WHAT YOU NEED TO DO: Would you print the lines below exactly, beginning at the line that has "清纯小姐妹清新田园风高清壁纸" and stopping after the line that has "Application optimale de"? Only those lines, and no pictures.

DATA PROVIDED:
((
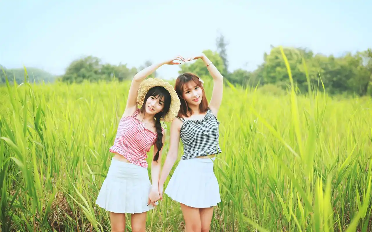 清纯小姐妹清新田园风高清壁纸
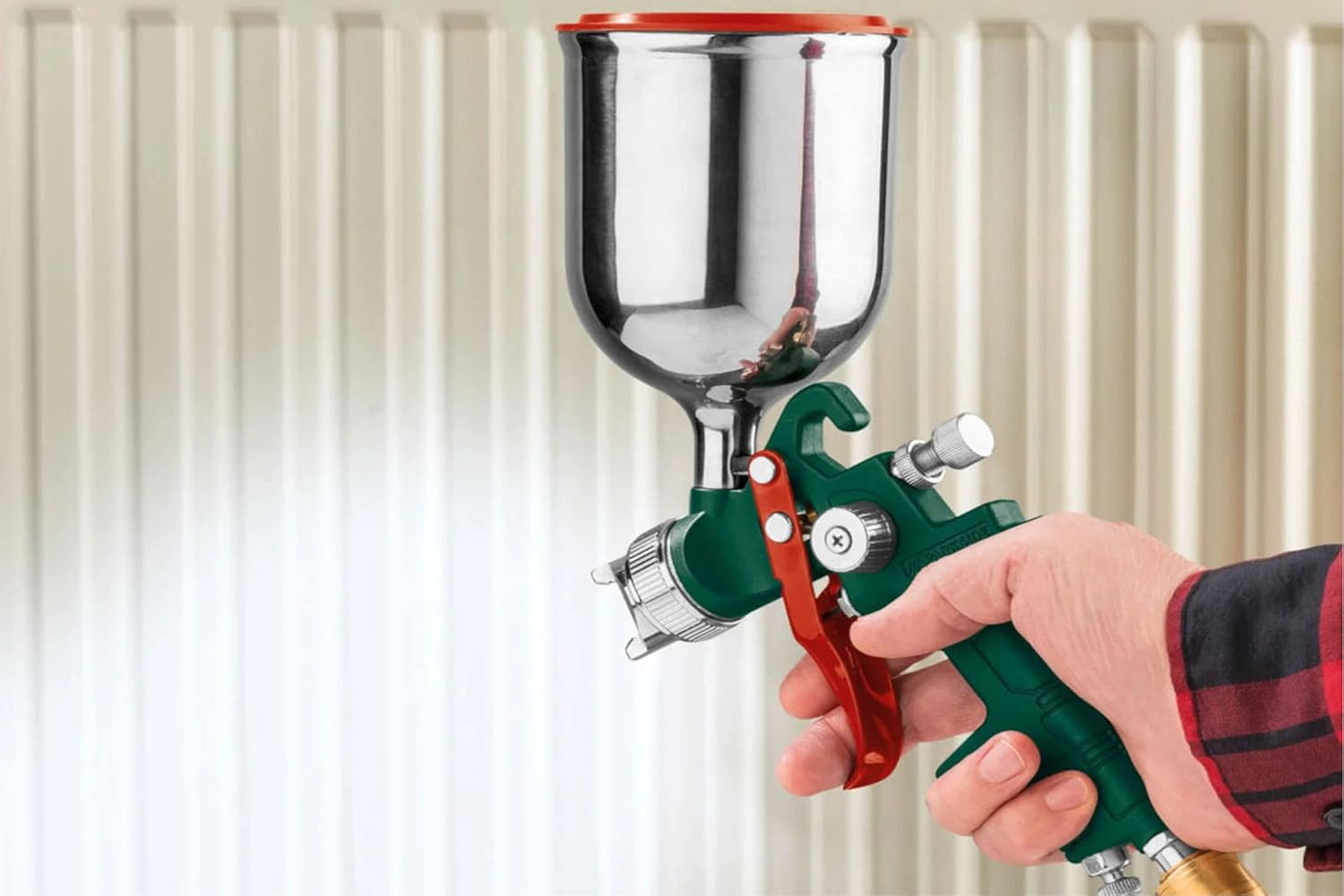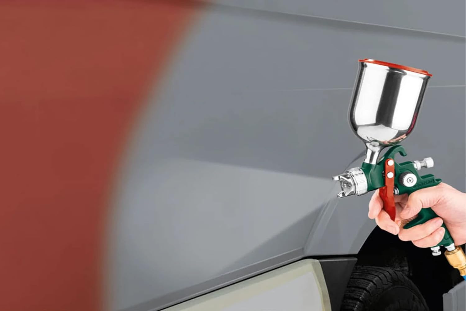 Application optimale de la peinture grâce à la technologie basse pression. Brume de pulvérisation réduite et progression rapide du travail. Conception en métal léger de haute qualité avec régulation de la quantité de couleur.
))
((
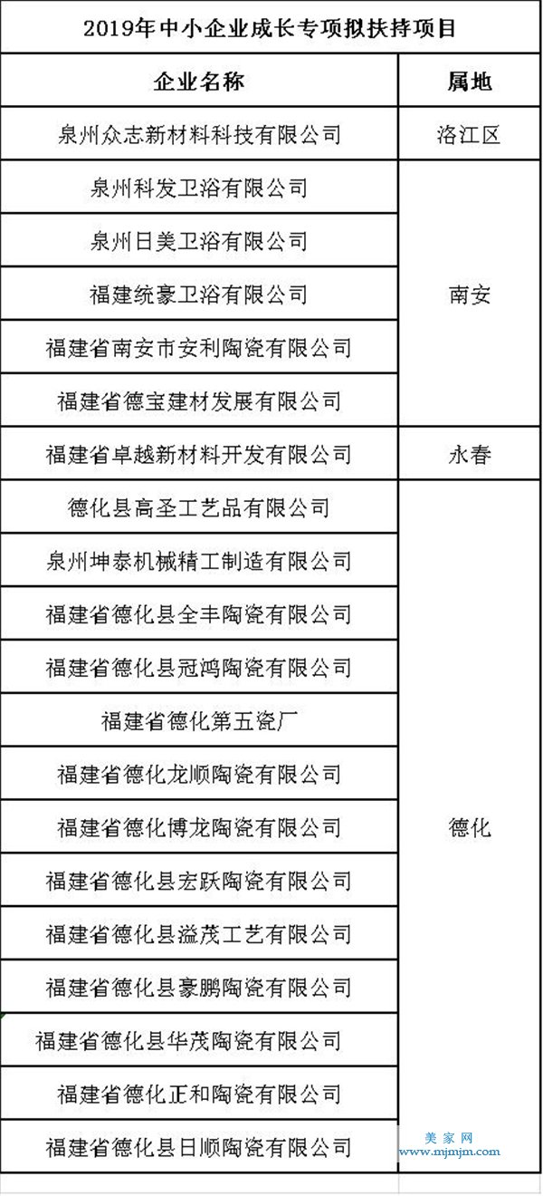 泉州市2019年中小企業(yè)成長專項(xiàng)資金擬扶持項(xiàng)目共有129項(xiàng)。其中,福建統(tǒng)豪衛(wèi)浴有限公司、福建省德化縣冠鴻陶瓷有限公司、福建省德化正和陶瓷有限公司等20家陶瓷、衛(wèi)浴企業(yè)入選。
))
OUTPUT FOR THIS TASK:
 清纯小姐妹清新田园风高清壁纸
 Application optimale de la peinture grâce à la technologie basse pression. Brume de pulvérisation réduite et progression rapide du travail. Conception en métal léger de haute qualité avec régulation de la quantité de couleur.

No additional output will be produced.